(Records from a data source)
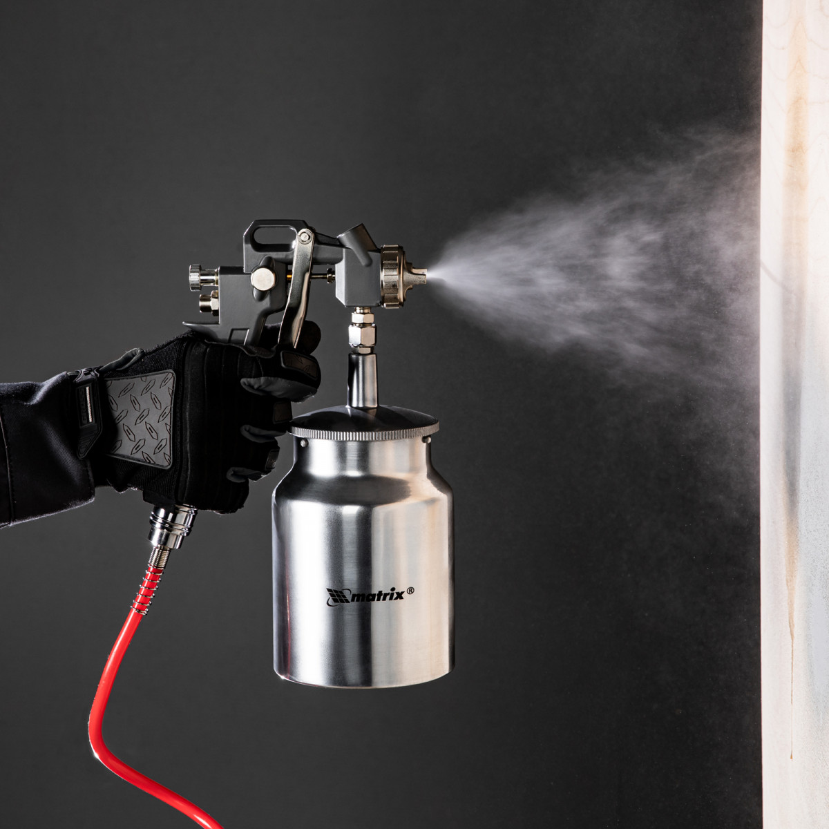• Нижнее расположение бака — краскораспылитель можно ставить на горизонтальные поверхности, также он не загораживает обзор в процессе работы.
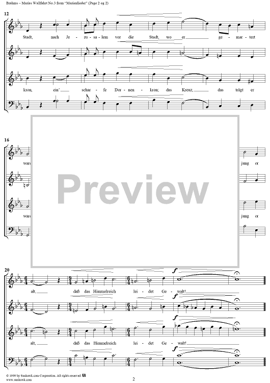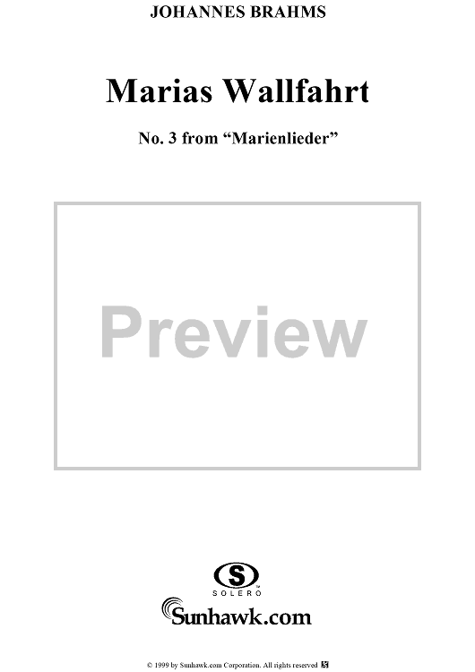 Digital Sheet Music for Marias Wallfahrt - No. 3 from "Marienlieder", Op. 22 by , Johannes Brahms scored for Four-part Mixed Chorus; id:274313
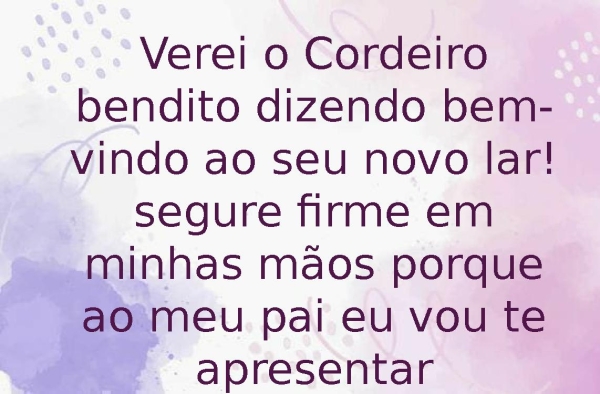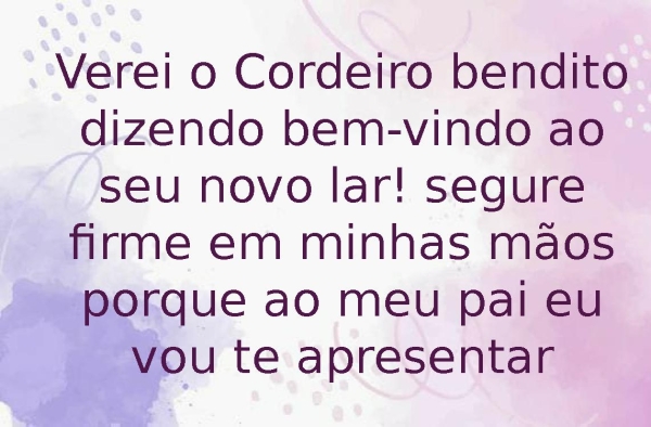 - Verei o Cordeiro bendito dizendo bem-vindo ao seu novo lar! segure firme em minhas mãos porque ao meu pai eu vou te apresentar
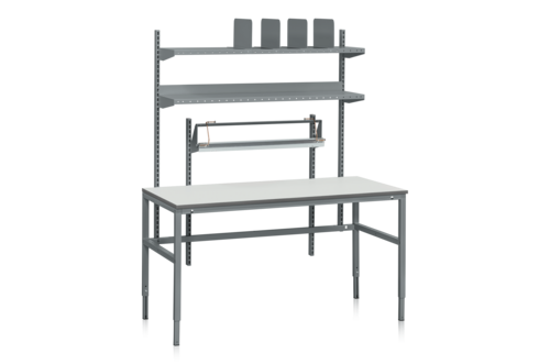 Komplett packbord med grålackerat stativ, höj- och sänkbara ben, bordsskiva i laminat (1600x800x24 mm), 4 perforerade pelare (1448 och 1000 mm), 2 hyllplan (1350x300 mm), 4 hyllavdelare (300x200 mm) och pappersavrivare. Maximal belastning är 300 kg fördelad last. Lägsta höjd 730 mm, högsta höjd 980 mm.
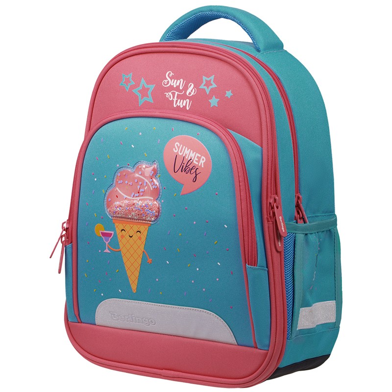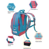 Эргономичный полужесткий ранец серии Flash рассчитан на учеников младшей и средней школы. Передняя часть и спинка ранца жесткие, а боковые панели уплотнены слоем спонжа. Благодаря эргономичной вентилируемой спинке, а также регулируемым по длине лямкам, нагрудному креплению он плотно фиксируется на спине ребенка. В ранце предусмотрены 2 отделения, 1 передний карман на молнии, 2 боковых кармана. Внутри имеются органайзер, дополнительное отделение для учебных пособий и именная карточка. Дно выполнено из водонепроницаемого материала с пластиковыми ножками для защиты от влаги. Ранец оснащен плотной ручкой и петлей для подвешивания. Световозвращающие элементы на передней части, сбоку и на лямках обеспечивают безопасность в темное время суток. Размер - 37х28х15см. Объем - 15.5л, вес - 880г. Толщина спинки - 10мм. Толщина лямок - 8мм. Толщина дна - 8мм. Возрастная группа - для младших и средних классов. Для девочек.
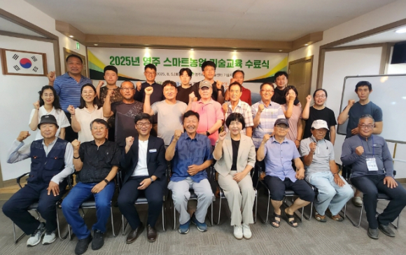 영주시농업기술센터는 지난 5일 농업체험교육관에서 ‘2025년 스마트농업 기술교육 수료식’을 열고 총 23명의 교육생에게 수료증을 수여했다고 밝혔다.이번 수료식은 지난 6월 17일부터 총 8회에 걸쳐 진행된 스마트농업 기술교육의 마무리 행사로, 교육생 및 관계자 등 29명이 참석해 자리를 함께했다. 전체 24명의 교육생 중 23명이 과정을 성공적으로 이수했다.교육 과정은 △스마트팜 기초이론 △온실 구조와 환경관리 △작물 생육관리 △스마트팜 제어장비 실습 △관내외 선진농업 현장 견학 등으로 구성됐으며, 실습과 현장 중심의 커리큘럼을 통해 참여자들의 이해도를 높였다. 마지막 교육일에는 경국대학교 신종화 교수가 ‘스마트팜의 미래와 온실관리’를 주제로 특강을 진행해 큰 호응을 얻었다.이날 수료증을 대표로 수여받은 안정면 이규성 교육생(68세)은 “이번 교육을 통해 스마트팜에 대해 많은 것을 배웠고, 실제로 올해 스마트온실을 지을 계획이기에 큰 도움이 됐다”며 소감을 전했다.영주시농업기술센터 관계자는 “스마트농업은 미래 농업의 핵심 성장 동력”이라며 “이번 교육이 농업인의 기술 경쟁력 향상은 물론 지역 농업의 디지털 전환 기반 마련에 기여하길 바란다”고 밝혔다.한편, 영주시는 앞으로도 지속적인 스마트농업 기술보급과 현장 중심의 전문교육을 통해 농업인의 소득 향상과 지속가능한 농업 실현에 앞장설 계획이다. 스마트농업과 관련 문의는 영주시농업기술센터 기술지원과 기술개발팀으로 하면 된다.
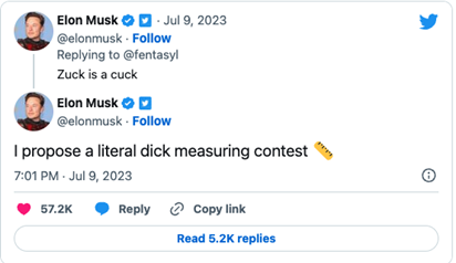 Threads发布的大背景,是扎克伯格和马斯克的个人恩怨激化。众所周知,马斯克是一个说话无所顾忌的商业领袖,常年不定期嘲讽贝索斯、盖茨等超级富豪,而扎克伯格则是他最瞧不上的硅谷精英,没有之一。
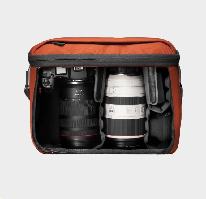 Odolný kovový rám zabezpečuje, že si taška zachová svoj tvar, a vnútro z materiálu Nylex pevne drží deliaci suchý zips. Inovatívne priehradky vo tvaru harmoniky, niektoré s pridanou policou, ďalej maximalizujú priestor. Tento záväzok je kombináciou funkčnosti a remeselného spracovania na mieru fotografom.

Work to be completed:
Nothing but the lines from the top of the data above through the line containing "Komplett packbord med" should be output, exactly as written and without the pictures.

Written response:
• Нижнее расположение бака — краскораспылитель можно ставить на горизонтальные поверхности, также он не загораживает обзор в процессе работы.
 Digital Sheet Music for Marias Wallfahrt - No. 3 from "Marienlieder", Op. 22 by , Johannes Brahms scored for Four-part Mixed Chorus; id:274313
 - Verei o Cordeiro bendito dizendo bem-vindo ao seu novo lar! segure firme em minhas mãos porque ao meu pai eu vou te apresentar
 Komplett packbord med grålackerat stativ, höj- och sänkbara ben, bordsskiva i laminat (1600x800x24 mm), 4 perforerade pelare (1448 och 1000 mm), 2 hyllplan (1350x300 mm), 4 hyllavdelare (300x200 mm) och pappersavrivare. Maximal belastning är 300 kg fördelad last. Lägsta höjd 730 mm, högsta höjd 980 mm.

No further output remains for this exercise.